An important observation is that Solution 1 duplicates computation in order to reduce synchronization. (It completely eliminates synchronization in this case). Solutions three and four trade off memory footprint (they duplicate structures) in exchange for reducing contention. A similar idea was used to reduce synchronization in slide 38 of Lecture 4, when we reduced three barriers to one in the solver example.

Question: When might it be a bad idea to trade off memory footprint for synchronization/contention?

jhhardin

Trading off memory footprint to reduce contention is not worth it if the extra steps required (in this example, the merge) take more time than the time we saved through better synchronization. Another more obvious example is if we would have to allocate a lot of memory or don't have enough memory to do so. Thinking of NUMA, accessing that memory might also take considerably longer as we get further away.

adsmith

The idea of "not having enough memory" barely even exists anymore, at least on CPUs; there's significantly less memory on GPUs so maybe there you'd care more?

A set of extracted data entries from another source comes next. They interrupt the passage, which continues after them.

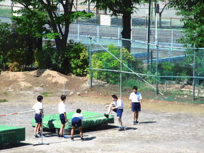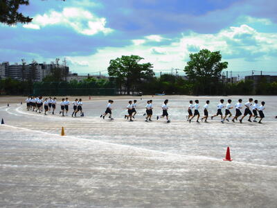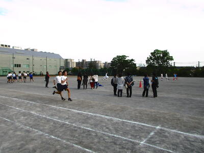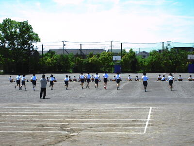 一方トラックではウォーミングアップでジョギングをする生徒達の姿。その後「♪ドレミファソラシド ドシラソファミレド」の楽しげな音とともに、あのハードな「シャトルラン」が行われていました。子ども達は自分の限界に一生懸命チャレンジしています。
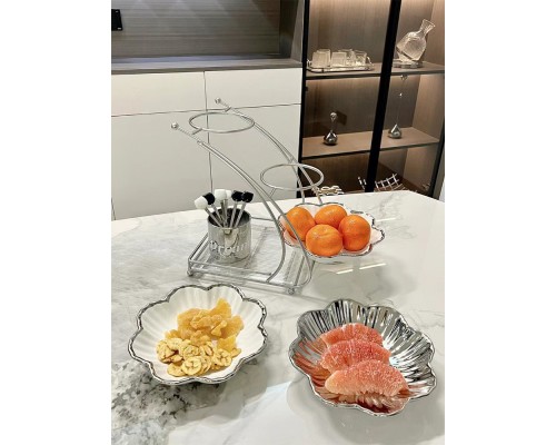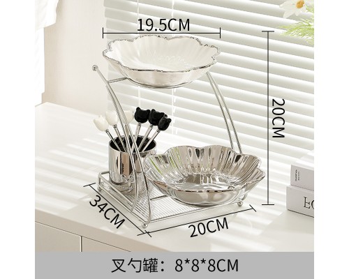 【高級銀】花瓣兩層盤+6叉罐 (NT1,487)
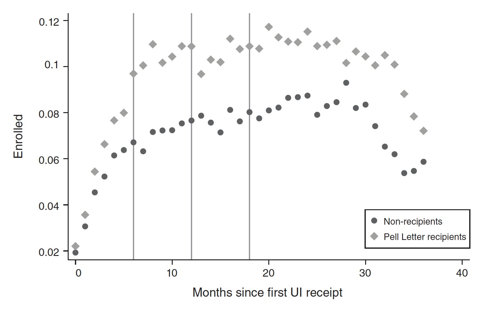 The chart above from their paper shows the fraction of UI recipients who were enrolled in school after an unemployment spell, called the enrollment rate. The light gray diamonds are enrollment rates for those who received a letter from their state government informing them about the Pell Grant Program and encouraging them to seek training. The dark gray circles are enrollment rates of those who didn’t receive a letter. The three vertical lines indicate six month increments. One can see a sharp increase in the share of enrollees in both the letter recipients and non-recipients over the first six months of unemployment. After six months, there is a clear divergence between the two groups that continues to persist.

Probably more of a problem is if this memory tradeoff significantly increases the bandwidth of memory accesses: if the extra memory usage means a lot of extra read-writes that aren't cached, it will significantly hurt performance, possibly worse than the gain from synchronization or contention.

selena731

I was a little confused about Kayvon's question "How would you actually make the lists from this information?" Can somebody please summarize what was happening on this slide? Particularly transitioning from Step 2 to 3, and Step 3.

tomshen

The transition from step 2 to step 3 takes place when the code block is run for each element of result (in parallel). This generates the two arrays that you see at the bottom. Then, we can generate a list for each of the cells using the cell_starts and cell_ends arrays. For the ith cell, our list is the elements of the result array from index cell_starts[i] (including this element) to cell_ends[i] (excluding this element). The reason we can just take contiguous portions of our result array as lists is because it's sorted by cell.

yanzhan2

We also need to keep the Particle Index array, right? For example we have for the 4th cell, cell_starts[4] and cell_ends[4] only includes the index 0 and 2, but the actual circle is 3 and 5, which is particle index[0] and particle index[1].

kayvonf

@yanzhan2: correct, particle index array must be kept around. cell_starts and cell_ends refer to elements of particle index. For example, if we wanted to iterate over all particles in cell X:

for (int i=cell_starts[X]; i<cell_ends[X]; i++) {
    int index = particle_index[i];
    // do stuff ...
}
squidrice

In the step 2, there is a thread at every cell of sorted results. Every thread is responsible for checking whether there is a difference between the previous element and the current one. If there is one, it indicates the end of the previous list and the beginning of the current list. For example, for thread at result[2], it detects the end of 4s and the start of 6s. The special cases here are the first and last cell. Those positions are then written into cell_starts and cell_ends.

Yuyang

LOL this was super helpful for the renderer lab :D

black

@Yuyang, Yeah, I just watch this lecture today too! But I think we should modify it to make this work for Assignment 2. This method requires us to allocate a array with the length of number of particles. However, in A#2, we don't know the number of circles in advance. And we can't put such a huge array in shared memory to accelerate speed...We have to separate circles into groups.

jon

I'm curious if anyone was able to directly apply this method to Assignment 2 (are we allowed to discuss homework solutions here?)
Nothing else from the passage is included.